I spent a lot of time working on a project in which physically plausible simulation of soft materials with pressure chambers was a key part, and in doing so, we managed to improve a part of our simulation by a significant amount. I was very happy with how this small part of the whole system turned out, and I’ve been wanting to share it for a while.
A fair warning though, we need to spend a little time setting up the context in order to see why this is a thing that can happen very naturally, as opposed to a magic algebraic trick that we can pull out of a hat.
If you haven’t seen physically based simulations before, don’t worry too much about the details. It helps if we can get on the same page regarding why we are even here in the first place, but the details of the context really doesn’t matter for the point I’m trying to get across.
If you have seen physically based simulations before, also don’t worry too much about the details. There isn’t anything fancy going on here; no second order elements, no fancy time stepping, no dynamics, basically nothing that hasn’t been around for 20 years^{1}. The trick is somewhat fancy though, to me anyways.

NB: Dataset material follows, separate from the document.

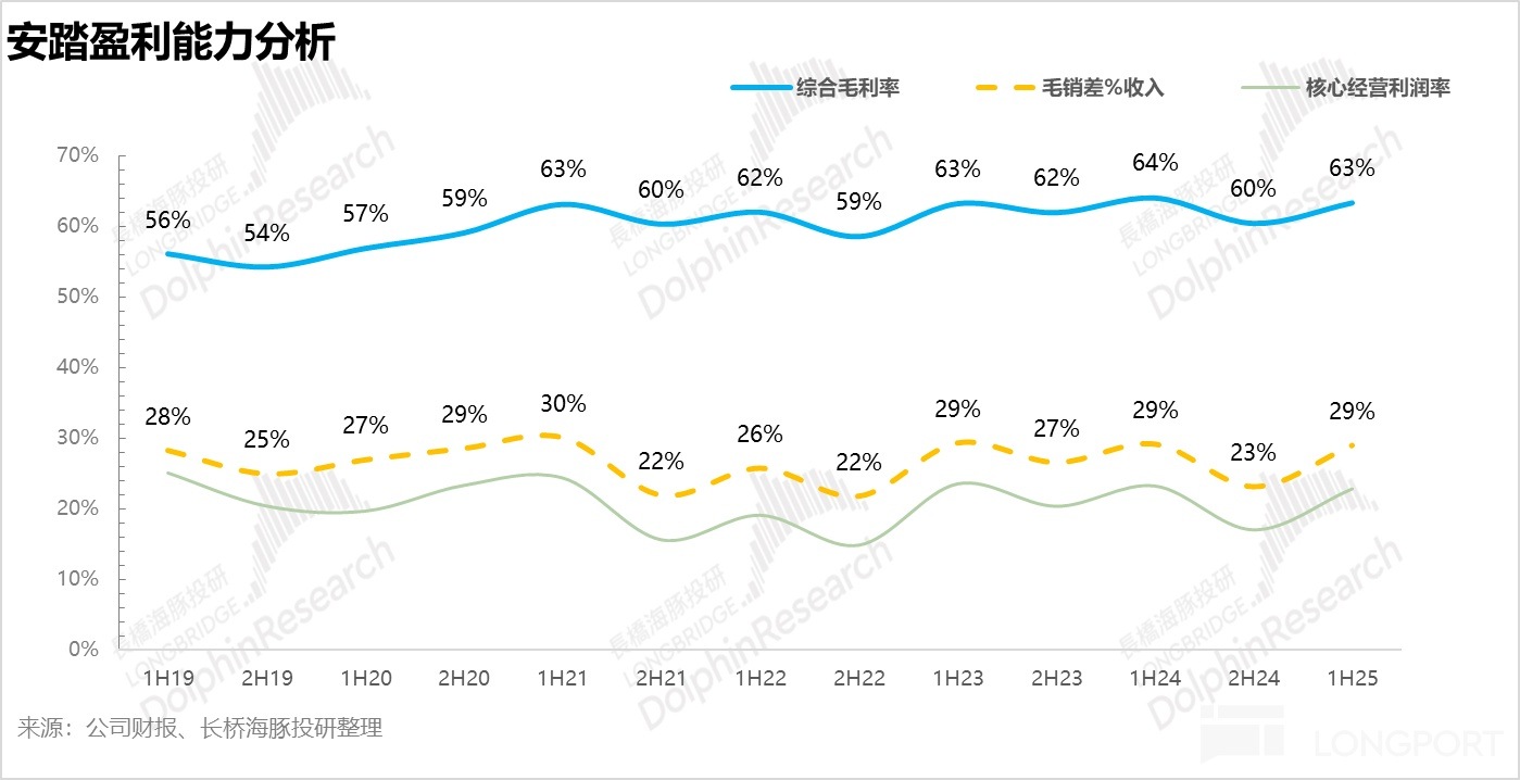 5、毛利率小幅下滑。從毛利率上看,由於安踏和 FILIA 均加大了綫上渠道的銷售佔比(折扣力度更大),因此帶動整體毛利率小幅下滑 0.7pct 達到 63.4%,

We wanted to simulate the behavior of a soft material with a certain geometry when we inject pressurized air into it. A simple way of doing so is by representing the geometry of the material with a tetrahedral mesh, and defining an energy that is a function of the deformation of those tetrahedra, or “tets”. The nodal positions of the mesh are our “degrees of freedom”: they are what we can move around, and the energy of the system is a function of those positions. You can imagine an energy function for each tet similar to^{2}:
fn energy(nodes: [Node; 4]) -> f64 { ... }
If you are given any nodal positions, you can compute an energy from it. For instance, if a tet was supposed to have 1 volume, but it is stretched out to have 2 volume, it would make sense that it has a lot of energy, which it can “use”^{3} to return to it’s preferred (“rest”) position, of having 1 volume again. The energy function^{4} defines exactly how much the tet would want to return to some other configuration when deformed. By summing the energies for all the tets in the system, we get the total energy of the whole system.

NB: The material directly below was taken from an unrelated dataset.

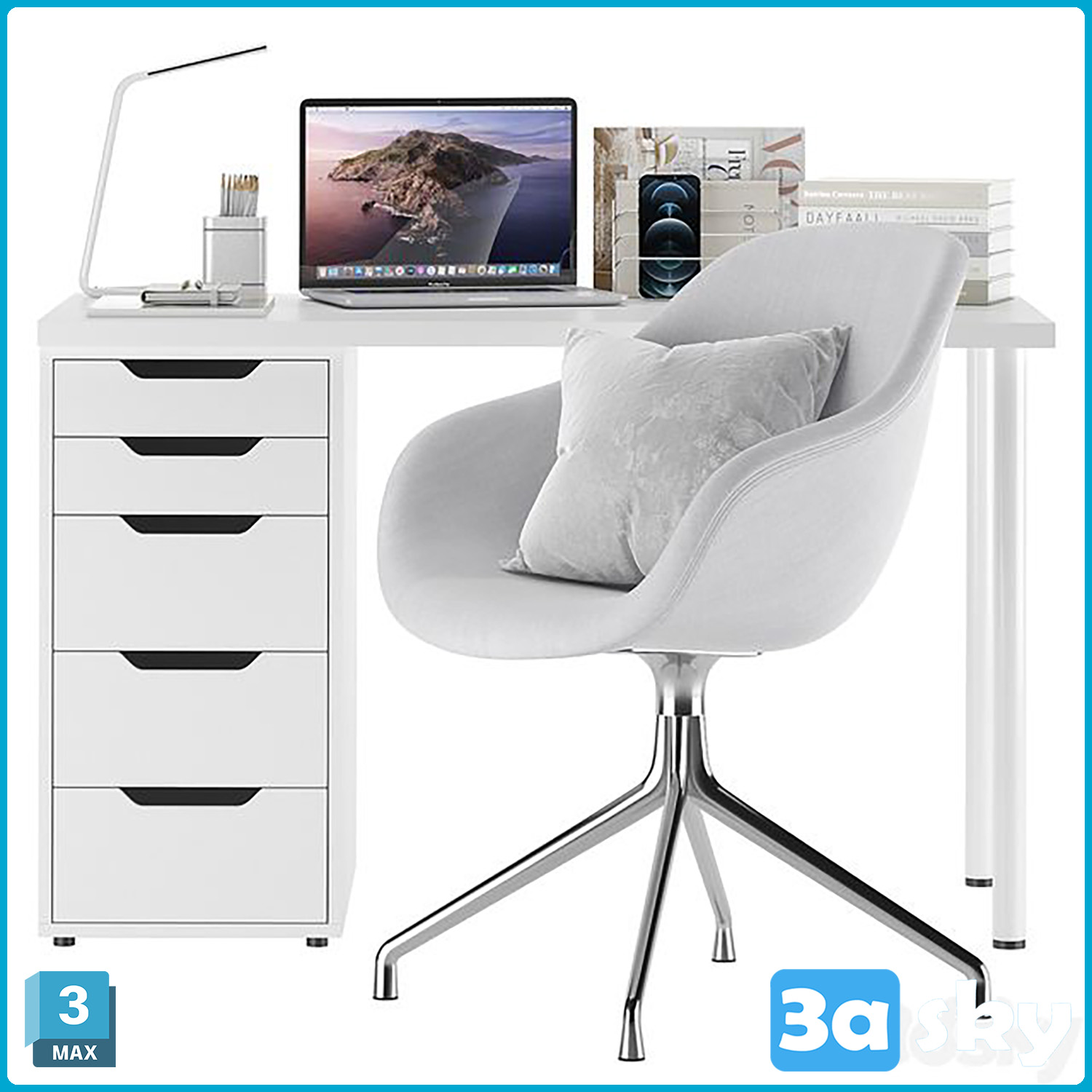 This 3D model preview showcases Office Furniture Set 002, a collection of modern and stylish office furniture including desks, chairs, and cabinets. The set is designed to enhance office spaces with its sleek and functional design. Perfect for interior designers and architects looking to elevate their office designs.

You can also have other energies that adds into the whole system. Since we are dealing with a pneumatic system, we assign pressure forces to the faces of our mesh that are adjacent to the pressure chamber, such that the forces are proportional to the face area and the pressure. If we know how much gas is in the chamber (this is one our our degrees of freedom), and we know the volume of the chamber, we can compute the pressure using the ideal gas law^{5}.
Having only this energy function, we can compute the forces that act on the nodes in our system as the direction in which they would have to move to decrease that energy. In other words, we let $$f = -\frac{\partial E}{\partial x}.$$ Note the minus sign: the gradient of a function is the direction in which it increases the most, and we would like it to decrease. This is also where notation gets a little messy: the $x$ above represents the positions of all the nodes, so it is really a vector in $\mathbb R^{3n}$ for a 3 dimensional system of $n$ nodes.
For a single tet, we have 12 numbers, namely the $x$, $y$, and $z$ coordinate of the four vertices. We can pretend that the energy function above reads
fn energy(nodes: [f64; 12]) -> f64 { ... }
With this, we see that $f_t$, the forces on a single tet, is also a vector of 12 numbers, which corresponds to the forces on the respective nodes in their respective coordinate, whichever way we flattened^{6} it in the first place^{7}. $$f_t \in\mathbb R^{12}$$
We can use this information to move the nodes in our system in order to decrease the global energy of the whole system: loop over all tets, compute the forces from that tet to its four nodes, sum up the forces on all the nodes into one big vector $f\in \mathbb R^{3n}$, and move the vertices some amount $\eta > 0$ in this direction: $$x^{(i+1)} = x^{(i)} + \eta f.$$ This is called gradient descent, and it’s not so great, at least not for these kinds of systems, because it takes a long time before it finds equilibrium. When $f=0$ we have reached equilibrium, and we’re at rest.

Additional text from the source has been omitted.